Шрифт:
Интервал:
Закладка:
— Что ты молчишь, будто воды в рот набрал? Представься девочкам.
Она протянула руку.
— Эланда.
— Э-э… Мингус.
— Эланда и Эмингус, — сказал Барри. — Да вы у нас близнецы.
Кроуэлл Десмонд, наполнявший кокаином стеклянную трубочку у раковины, заржал, как лошадь.
— Очень смешно, Барретт, — негромко проговорил Мингус.
— Прекрати называть меня Барретт. И взгляни на себя: опять ты в этом хипповско-вьетнамском дерьме. Вороват бы у меня шмотки, вместо пластинок.
Эланда села на софу, где уже устроились две другие девицы. А Мингус остался стоять посреди комнаты. Последняя песня на пластинке закончилась, и игла ушла на немую кольцевую дорожку возле наклейки в центре. В комнате воцарилась тишина, разбавляемая лишь тихим скрипом: вероятно, и до остальных гостей дошло наконец, у кого день рождения. Или это гроза заставила вдруг всех замереть. Барри чувствовал себя виноватым, хотя знал, что вряд ли уговорит Мингуса провести этот день в их компании. Мерзкие ощущения грызли душу.
Между ними была кровная связь, но никто, кроме него, не знал всех подробностей этой истории.
Никто не знал мать мальчика. Она оставалась неизвестным фактором.
Грязная армейская одежда скрывала стройную, уже не детскую, а мужскую фигуру Мингуса. Он косился на окно, вероятно, мечтая снова оказаться на улице. Когда Барретт в последний раз внимательно смотрел на него? Трудно сказать. По негласному обоюдному соглашению, неизвестно когда заключенному, они обычно вообще не глядели друг на друга. Барри не хотел задумываться, каким он сам видится сыну и этой девочке, Эланде, — с отросшими ногтями, брюшком и потолстевшей шеей. Если бы не кокаин, он вообще превратился бы в жирную свинью, в карикатуру Исаака Хайеса.
Надо было встать и встряхнуться, потанцевать хотя бы, а он все сидит, как приклеенный к креслу, как тысячефунтовая гора мяса.
Его вдруг опять наполнило то чувство жизни. Никакими другими словами он не мог это назвать.
— Ладно, Гус, это я так, шучу. Присядь. Мы собрались здесь, чтобы отпраздновать день рождения, друзья. Десмонд, смени же наконец чертову пластинку.
Мингус в нерешительности топтался на месте.
— У тебя внизу друзья? Ну так веди их сюда.
— Нет, простоя…
— Он, Эланда, иногда забавляется с белыми мальчиками.

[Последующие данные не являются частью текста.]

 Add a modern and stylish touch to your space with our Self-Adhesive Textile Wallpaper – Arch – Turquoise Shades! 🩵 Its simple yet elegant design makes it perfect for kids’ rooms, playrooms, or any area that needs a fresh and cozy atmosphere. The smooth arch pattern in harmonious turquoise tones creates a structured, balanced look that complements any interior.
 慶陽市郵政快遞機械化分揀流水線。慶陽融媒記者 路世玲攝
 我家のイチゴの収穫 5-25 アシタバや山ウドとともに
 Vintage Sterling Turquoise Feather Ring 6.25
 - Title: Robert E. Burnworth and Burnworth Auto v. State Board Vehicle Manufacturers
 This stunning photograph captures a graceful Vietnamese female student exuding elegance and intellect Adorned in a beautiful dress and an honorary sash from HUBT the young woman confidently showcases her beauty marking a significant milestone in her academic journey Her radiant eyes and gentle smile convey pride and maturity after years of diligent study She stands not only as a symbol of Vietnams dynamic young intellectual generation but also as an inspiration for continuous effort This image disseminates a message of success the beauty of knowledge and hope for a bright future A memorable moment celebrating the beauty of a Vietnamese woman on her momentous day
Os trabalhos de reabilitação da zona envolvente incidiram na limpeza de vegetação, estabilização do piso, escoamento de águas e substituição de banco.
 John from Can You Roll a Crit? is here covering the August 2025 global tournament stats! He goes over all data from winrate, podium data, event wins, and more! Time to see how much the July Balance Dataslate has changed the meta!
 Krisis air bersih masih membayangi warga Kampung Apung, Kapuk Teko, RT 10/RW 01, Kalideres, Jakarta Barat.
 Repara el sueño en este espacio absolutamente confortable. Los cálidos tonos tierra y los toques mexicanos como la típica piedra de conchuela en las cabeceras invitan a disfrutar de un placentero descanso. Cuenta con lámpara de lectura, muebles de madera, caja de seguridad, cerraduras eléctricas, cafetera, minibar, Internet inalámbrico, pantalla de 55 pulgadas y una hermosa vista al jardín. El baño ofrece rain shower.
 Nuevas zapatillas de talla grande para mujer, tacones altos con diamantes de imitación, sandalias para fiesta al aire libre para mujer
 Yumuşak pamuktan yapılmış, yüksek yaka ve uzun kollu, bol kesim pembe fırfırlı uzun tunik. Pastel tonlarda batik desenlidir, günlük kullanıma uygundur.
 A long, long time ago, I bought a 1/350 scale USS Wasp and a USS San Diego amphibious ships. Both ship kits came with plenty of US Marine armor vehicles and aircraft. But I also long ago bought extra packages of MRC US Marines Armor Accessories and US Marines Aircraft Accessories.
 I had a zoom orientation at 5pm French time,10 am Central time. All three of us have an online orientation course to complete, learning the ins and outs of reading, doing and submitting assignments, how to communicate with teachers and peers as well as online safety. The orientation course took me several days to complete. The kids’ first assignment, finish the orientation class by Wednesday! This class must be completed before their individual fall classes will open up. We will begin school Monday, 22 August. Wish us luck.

Барретт сказал это просто так, ничего особенного не имея в виду. Но комната замерла, и Младшего обволокла тишина. В воздухе пахло озоном, как обычно во время грозы. Барретту показалось, еготело наполнили свинцом. Надо было начать танцевать, но музыка не играла; внезапное чувство жизни разрасталось, а вместе с ним как будто увеличивался и он сам. Если бы эта девочка, Эланда, подошла к нему сейчас, то выглядела бы по сравнению с ним маленьким котенком. По телевизору однажды показывали, как рождается и устраивается в сумке детеныш кенгуру — размером с грецкий орех. Мать для него — целая планета. Такой планетой сейчас ощущал себя и Барретт. Чем дольше он сидел в кресле, тем огромнее становился.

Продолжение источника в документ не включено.